The port is located in the center of the city, and serves primarily as a ferry terminal.

Crossings to destinations in North Africa take approximately 6 hours (normal ferry to Nador or Melilla). This is a much longer (and more expensive) crossing than the short crossings from Algeciras to Tangier, but it is more convenient for people traveling to the Rif area or Algeria.

Almería offers also a marina and a normal commercial port: it can receive cargo ships and cruise ships. The Royal Navy uses the port.

==Ferry terminal==
The ferry terminal is busy. Moroccan nationals living in Western Europe use the crossings from Almería to visit relatives in the summer. The port offers several sailings each day to different destinations in northern Morocco and Algeria.
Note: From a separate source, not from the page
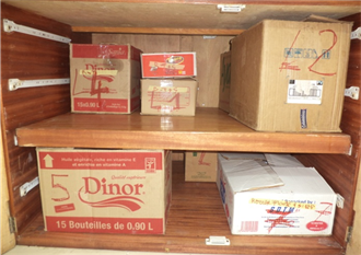 A mass of 120 kg of freshly picked, film-coated cola nuts was used for the study. After dehulling, sorting and washing, 40 kg of dehulled cola nuts (20 kg of red nuts and 20 kg of white nuts) were used for the implementation of 4 post-harvest conservation technologies per typology of cola nuts (8 samples of 5 kg including 4 of white cola nuts and 4 of red cola nuts) (Figures 1-3). Thus, the first sample was treated with “TopBio” (soaking in the solution diluted to 10 mL/L of water per 1 kg of nuts for 30 min). After draining, the nuts removed with the solution were packaged in the trays. With the second “PATISFRANCE” technology, the nuts were packaged directly into the trays containing diluted glucose syrup at 63%. For the third technology “TopBio + PATISFRANCE” the nuts were first treated with biopesticide and packaged in trays containing diluted glucose syrup. The latest technology “control” consists of nuts coordinated only in trays. The processed cola nuts were put in the polystyrene trays packaged in cartons and kept for 6 weeks (Figures 3-5).

The port has a large waiting and sorting area for cars. As people have often traveled a very long distance, they tend to arrive hours before departure of the ship. To prevent overheating, most waiting areas for the cars are under a roof to protect the car and its passengers from the sun. The main terminal building has the offices of all the operating companies, where they sell the tickets or exchange your prepaid tickets for a boarding pass. The terminal building is open 24 hours a day and includes a café, a small shop/kiosk for refreshments, and a call-shop. Foot passengers can wait inside the terminal building for their ship.

Embarkation for foot passengers is situated on the first floor of the terminal building. After the Spanish immigration checks, a network of footbridges lead to the ship. These footbridges can reach each quay and via moving 'last metres', so that one can board the ships without having to touch the ground. The loading and unloading of cars does not interfere with the embarkation or disembarkation of foot passengers.

Outside the main terminal building, there are a few restaurants, offering passengers a simple menu or drinks. There is also a small supermarket that is open 24 hours and facilities like toilets and showers.

==Vessel Traffic Services==
As Almería is a busy port where ships tend to constantly arrive and/or sail, all ships have to use a harbour pilot. On arrival, the pilot boards the ship when it arrives at the piers and leaves the ship when the first warp is fastened. On departure, the pilot leaves the ferry just before it passes the pier-head. A complicating factor for arriving ships is that all ferries have to swing round before docking: as the ships moor in Africa with the bow towards the key they have to dock in Almería with the stern facing the key or cars would have to turn on the ships or disembark driving backwards.

At the entrance of the port is a large tower for the officers of the Vessel Traffic Services (VTS). The tower provides the staff with a good view over the harbour entrance and the entire port area. The VTS is fitted with radar on top of the tower.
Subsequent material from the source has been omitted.